L’ESS après la crise mondiale : solution ou placebo ?

Les différentes expressions adoptées par l’ESS ont dès l’origine été confrontées au défi du développement mondial. En ce sens, l’enjeu de la durabilité situe l’ESS en tant qu’agent fondamental, plus particulièrement au niveau du développement local. C’est dans l’environnement naturel local, dans la communauté, dans la cité, que nous évoluons et que nous établissons tout d’abord nos relations socio-affectives, économiques, professionnelles, culturelles, etc. Et c’est aussi dès l’origine le terreau propice à l’ESS, car ce cadre territorial est le plus approprié pour subvenir aux besoins fondamentaux et dégager de ce fait des modèles, différents et différenciés, de développement collectif.

Autrement dit, nous cherchons à construire notre modèle de ville coopérative en partant de l’économie sociale et solidaire. On ne peut parler de ville intelligente, de smart city, si celle-ci ne prend pas en compte les dimensions démocratique, écologique et féministe. Sans remettre en cause les apports considérables des nouvelles technologies à l’amélioration de la vie urbaine, la société et les administrations publiques ne peuvent négliger ces trois dimensions.

L’ESS, phénomène citoyen en croissance, mais encore modeste et minoritaire, se heurte dans des pays tels que l’Espagne à des obstacles internes qui entravent son adaptation et la font osciller entre une fonction palliative face au système qu’elle critique et, à l’inverse, une fonction complémentaire où elle se maintient confortablement à la périphérie du système. Or, c’est en ces termes que se pose le grand défi aujourd’hui : pour les centaines de milliers de personnes qui constituent l’économie sociale et solidaire, il est a priori essentiel de prendre part à des entités avec suffisamment de capacités, économiques, professionnelles, intellectuelles, etc. pour leur permettre d’apporter une réponse optimale à leurs besoins. Mais pas seulement : l’ESS, tout comme les autres modalités de l’économie alternative précédemment citées, a la possibilité de démocratiser l’environnement économique en élaborant des stratégies qui s’écartent du modèle dominant, modèle qui est dévastateur pour l’environnement comme pour les personnes.
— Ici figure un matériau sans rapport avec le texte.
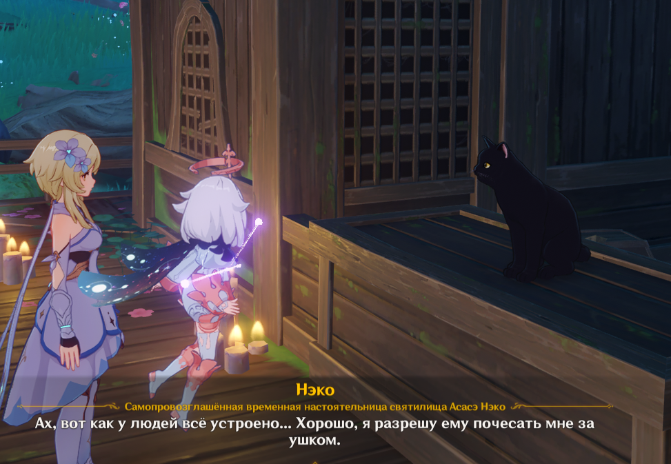 А так она мелькала только в двух ивентах на моей памяти. В Симуланке, когда под конец приходила вместе с остальными чемпами из Монда. Ну и в ивенте, где нужно было котика гладить, она там тоже была... Там ещё Оза выгнали из кошачьей таверны, потому что он всех котов там наэлектризовывал и у них шёрстка дыбилась.

Ce défi majeur dépasse les capacités même de l’ESS : il suppose d’envisager un changement de paradigme vis à vis du modèle néolibéral. Si l’on veut accorder une place centrale aux besoins et aux désirs des personnes et de la vie, il faut modifier substantiellement les mécanismes existants d’exécution et de contrôle des décisions économiques.

En ce sens, l’ESS voit qu’il est indispensable de changer les modèles de gouvernance globale, afin que les institutions supranationales, les États et les entités régionales et locales suscitent et encouragent les mécanismes de soutien aux organismes communautaires de l’économie sociale et solidaire. Dans un même temps, l’ESS doit établir une feuille de route qui rende ce secteur plus efficace, plus perméable, avec des processus de formation et d’innovation permanents pour faire face aux changements perçus.

En fin de compte, face aux modèles dominants d’entrepreneuriat individuel, d’enrichissement à tout prix et de concurrence étrangère aux besoins vitaux, il s’agit de concevoir des solutions collectives pour que la durabilité de la vie soit au cœur de l’activité humaine.